# Math Help - Functions

1. ## Functions

Determine which of the following functions $f_i: \mathbb{R} \to \mathbb{R}$ are injective, surjective, and bijective. If they are bijections write down their inverses.

(i) $f_{1}(x) = x-1$ is a bijection (inverse function is $y = x+1$)

(ii) $f_{2}(x) = x^3$ is a bijection (inverse is $y = \sqrt [3]{x}$)

(iii) $f_{3}(x) = x^{3}-x$ is not injective, but is surjective.

(iv) $f_{4}(x) = x^{3}-3x^{2}+3x-1$ is not bijective.

(v) $f_{5}(x) = e^{x}$ is bijective (inverse is $y = \ln x$)

(vi) $f_{6}(x) = \begin{cases} x^{2}\ \text{if}\ x \geq 0 \\ -x^{2}\ \text{if}\ x \leq 0 \end{cases}$ is bijective (inverse is same conditions with function as $\sqrt{x}$ and $-\sqrt{x}$)

Thanks

2. Originally Posted by shilz222
Determine which of the following functions ${\color{red} f_i: \mathbb{R} \to \mathbb{R}}$ are injective, surjective, and bijective.
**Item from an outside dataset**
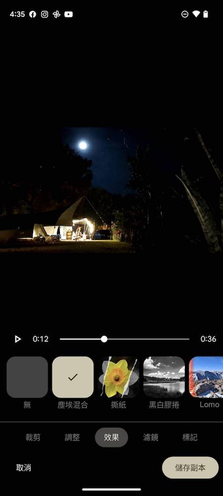 Google 相簿以往內建的影片編輯工具有裁剪影片、調整亮度、對比與濾鏡等選擇可以切換,現在升級到 Google 相簿 app 最新版本後,就加入了塵埃混合、撕紙、黑白膠捲、Lomo、漏光、膠捲氛圍、色差、魚眼、復古、版面配置、懷舊電影與海報等 12 種影片特效。
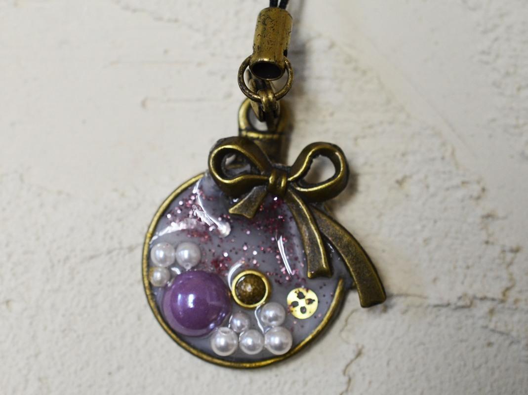 余った四つ編み紐を使って、お揃いのストラップも製作します。

If they are bijections write down their inverses.
(v) $f_{5}(x) = e^{x}$ is bijective (inverse is $y = \ln x$)
You do know that $e^x > 0$? Can that be onto?

3. arrgh, idiot I am. It would have an inverse if it was defined on $R \to R^{+}$ right?

4. are the others correct?

5. Originally Posted by shilz222
Determine which of the following functions $f_i: \mathbb{R} \to \mathbb{R}$ are injective, surjective, and bijective. If they are bijections write down their inverses.
(iv) $f_{4}(x) = x^{3}-3x^{2}+3x-1$ is not bijective.
Ignoring any polynomial math that you ought to recognize, have you looked at the graph of this function? It looks to me like it has an inverse...

-Dan

6. Originally Posted by shilz222
arrgh, idiot I am. It would have an inverse if it was defined on $R \to R^{+}$ right?
Yes!

7. How would you find its inverse?

8. Originally Posted by shilz222
How would you find its inverse?
You did above: $y=\ln (x)$.

9. the one Topsquark was talking about (the graph). Can you find the inverse easily?

10. Originally Posted by shilz222
the one Topsquark was talking about (the graph). Can you find the inverse easily?
Cannot be done easily.

11. Originally Posted by Plato
Cannot be done easily.
I beg to differ.

$f(x) = x^3 - 3x^2 + 3x - 1 = (x - 1)^3$

So the inverse function is
$f^{-1}(x) = \sqrt[3]{x} + 1$

There are no great difficulties here.

-Dan

12. I really missed that one.
I had in mind a general qubic that is one-to-one.